Below is a listing; repeat exactly the lines from the one containing "Senarai Jenis Kesalahan" to the one containing "日本を代表するAIベンチャー", both included.

BEGIN Records for the exercise

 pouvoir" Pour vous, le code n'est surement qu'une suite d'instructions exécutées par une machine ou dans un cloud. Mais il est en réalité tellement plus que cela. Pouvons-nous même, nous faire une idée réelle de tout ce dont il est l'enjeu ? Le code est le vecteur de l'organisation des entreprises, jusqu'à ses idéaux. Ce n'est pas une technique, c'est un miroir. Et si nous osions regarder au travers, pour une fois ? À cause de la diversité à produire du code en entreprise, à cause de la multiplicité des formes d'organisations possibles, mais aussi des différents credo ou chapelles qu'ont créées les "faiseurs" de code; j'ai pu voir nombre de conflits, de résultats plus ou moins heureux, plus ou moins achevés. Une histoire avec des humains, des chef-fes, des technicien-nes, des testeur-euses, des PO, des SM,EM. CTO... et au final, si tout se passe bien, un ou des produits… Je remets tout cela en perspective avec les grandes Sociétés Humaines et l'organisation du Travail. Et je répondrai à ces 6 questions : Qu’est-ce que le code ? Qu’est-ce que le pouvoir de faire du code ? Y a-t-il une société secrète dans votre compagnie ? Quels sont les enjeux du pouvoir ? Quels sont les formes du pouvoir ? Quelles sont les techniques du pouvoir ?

END Records for the exercise
BEGIN Records for the exercise

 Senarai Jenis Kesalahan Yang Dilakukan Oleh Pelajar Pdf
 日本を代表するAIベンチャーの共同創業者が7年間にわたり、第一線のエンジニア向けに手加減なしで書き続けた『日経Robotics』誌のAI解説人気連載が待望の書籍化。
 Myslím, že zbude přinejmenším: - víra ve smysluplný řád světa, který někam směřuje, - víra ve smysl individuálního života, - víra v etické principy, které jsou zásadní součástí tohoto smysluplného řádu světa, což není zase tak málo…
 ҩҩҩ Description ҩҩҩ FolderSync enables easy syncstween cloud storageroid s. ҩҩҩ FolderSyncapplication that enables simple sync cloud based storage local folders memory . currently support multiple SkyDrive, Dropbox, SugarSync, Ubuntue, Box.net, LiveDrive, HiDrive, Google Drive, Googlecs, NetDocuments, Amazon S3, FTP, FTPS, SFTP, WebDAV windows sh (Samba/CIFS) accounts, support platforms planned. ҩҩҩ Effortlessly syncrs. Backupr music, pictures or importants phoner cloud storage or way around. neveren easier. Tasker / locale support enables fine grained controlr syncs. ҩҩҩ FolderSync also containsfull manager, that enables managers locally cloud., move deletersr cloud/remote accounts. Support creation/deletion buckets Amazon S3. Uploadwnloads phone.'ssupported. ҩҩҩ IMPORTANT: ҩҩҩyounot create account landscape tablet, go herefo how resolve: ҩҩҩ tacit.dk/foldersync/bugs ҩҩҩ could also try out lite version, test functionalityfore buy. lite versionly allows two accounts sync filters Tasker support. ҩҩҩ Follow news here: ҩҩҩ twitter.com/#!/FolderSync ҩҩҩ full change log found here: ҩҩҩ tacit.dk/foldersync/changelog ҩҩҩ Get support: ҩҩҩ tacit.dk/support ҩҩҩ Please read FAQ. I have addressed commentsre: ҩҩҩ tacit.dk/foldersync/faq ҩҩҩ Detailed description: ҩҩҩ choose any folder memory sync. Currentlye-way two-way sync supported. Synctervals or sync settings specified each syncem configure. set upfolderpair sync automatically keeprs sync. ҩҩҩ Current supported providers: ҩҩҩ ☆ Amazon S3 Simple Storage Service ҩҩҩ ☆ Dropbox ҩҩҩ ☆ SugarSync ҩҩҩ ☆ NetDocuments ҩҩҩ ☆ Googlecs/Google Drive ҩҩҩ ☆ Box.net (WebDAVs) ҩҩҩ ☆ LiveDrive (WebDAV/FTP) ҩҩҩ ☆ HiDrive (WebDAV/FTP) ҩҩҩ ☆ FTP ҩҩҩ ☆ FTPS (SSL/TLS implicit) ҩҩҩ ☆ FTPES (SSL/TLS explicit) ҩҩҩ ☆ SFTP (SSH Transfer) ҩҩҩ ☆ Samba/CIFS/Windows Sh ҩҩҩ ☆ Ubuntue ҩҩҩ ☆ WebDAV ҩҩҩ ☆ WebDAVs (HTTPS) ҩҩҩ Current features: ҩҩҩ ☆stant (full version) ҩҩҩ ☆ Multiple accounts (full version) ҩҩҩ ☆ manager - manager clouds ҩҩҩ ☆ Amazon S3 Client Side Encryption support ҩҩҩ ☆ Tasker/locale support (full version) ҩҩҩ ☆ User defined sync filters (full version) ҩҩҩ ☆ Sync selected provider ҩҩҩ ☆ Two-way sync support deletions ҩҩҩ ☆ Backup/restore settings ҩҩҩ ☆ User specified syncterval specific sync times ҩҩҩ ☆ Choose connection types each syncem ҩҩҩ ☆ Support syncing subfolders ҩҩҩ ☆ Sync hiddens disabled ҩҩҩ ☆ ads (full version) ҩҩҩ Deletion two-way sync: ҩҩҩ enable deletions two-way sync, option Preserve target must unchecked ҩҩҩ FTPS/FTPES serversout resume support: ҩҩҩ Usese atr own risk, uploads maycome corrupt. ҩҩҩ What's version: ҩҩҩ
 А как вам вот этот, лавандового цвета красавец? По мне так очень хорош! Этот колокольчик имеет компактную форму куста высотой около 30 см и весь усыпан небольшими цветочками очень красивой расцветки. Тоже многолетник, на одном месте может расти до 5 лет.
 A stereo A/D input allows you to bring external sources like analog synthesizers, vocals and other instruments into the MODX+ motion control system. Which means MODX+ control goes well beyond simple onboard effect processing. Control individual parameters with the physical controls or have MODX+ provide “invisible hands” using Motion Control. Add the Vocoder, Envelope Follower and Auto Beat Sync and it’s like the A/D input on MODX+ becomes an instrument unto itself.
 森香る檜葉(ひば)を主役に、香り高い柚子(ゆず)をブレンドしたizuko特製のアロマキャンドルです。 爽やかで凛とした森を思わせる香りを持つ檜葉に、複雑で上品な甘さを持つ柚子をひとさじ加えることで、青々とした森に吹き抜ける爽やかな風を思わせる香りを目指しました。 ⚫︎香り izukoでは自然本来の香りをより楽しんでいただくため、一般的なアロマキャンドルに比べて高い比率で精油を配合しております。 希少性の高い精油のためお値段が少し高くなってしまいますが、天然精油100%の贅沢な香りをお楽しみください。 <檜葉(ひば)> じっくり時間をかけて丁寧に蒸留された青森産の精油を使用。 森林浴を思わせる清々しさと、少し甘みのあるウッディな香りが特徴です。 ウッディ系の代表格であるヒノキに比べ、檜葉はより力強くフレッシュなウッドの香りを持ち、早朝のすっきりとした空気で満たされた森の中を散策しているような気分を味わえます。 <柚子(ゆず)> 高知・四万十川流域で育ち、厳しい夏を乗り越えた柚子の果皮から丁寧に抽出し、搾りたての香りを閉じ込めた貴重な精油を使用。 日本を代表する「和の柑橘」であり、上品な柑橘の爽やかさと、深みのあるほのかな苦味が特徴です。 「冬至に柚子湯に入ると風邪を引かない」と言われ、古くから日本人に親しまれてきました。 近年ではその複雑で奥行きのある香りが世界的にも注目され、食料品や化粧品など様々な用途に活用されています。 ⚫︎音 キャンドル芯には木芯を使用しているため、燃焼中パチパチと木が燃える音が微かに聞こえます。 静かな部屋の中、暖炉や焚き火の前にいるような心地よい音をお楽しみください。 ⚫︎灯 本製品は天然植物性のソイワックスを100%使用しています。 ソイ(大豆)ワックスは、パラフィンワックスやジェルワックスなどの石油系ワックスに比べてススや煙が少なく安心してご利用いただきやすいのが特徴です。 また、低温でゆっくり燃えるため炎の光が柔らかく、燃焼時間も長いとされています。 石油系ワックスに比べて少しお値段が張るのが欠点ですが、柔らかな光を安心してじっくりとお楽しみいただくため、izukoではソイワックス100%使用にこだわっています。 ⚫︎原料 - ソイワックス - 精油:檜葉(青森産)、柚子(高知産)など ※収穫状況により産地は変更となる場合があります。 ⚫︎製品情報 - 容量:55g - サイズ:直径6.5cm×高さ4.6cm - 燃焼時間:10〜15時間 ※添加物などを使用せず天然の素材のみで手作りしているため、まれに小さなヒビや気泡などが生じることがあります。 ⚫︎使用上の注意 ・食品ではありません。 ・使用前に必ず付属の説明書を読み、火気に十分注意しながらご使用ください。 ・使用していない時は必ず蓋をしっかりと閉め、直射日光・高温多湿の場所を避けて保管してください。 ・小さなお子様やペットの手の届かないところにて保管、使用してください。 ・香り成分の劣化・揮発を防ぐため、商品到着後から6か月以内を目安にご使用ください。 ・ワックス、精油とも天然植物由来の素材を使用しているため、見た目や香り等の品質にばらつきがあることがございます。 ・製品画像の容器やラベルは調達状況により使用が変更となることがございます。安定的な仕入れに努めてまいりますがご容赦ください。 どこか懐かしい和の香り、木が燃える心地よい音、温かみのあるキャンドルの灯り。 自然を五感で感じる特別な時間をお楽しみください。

END Records for the exercise

▶ **Your solution**
 Senarai Jenis Kesalahan Yang Dilakukan Oleh Pelajar Pdf
 日本を代表するAIベンチャーの共同創業者が7年間にわたり、第一線のエンジニア向けに手加減なしで書き続けた『日経Robotics』誌のAI解説人気連載が待望の書籍化。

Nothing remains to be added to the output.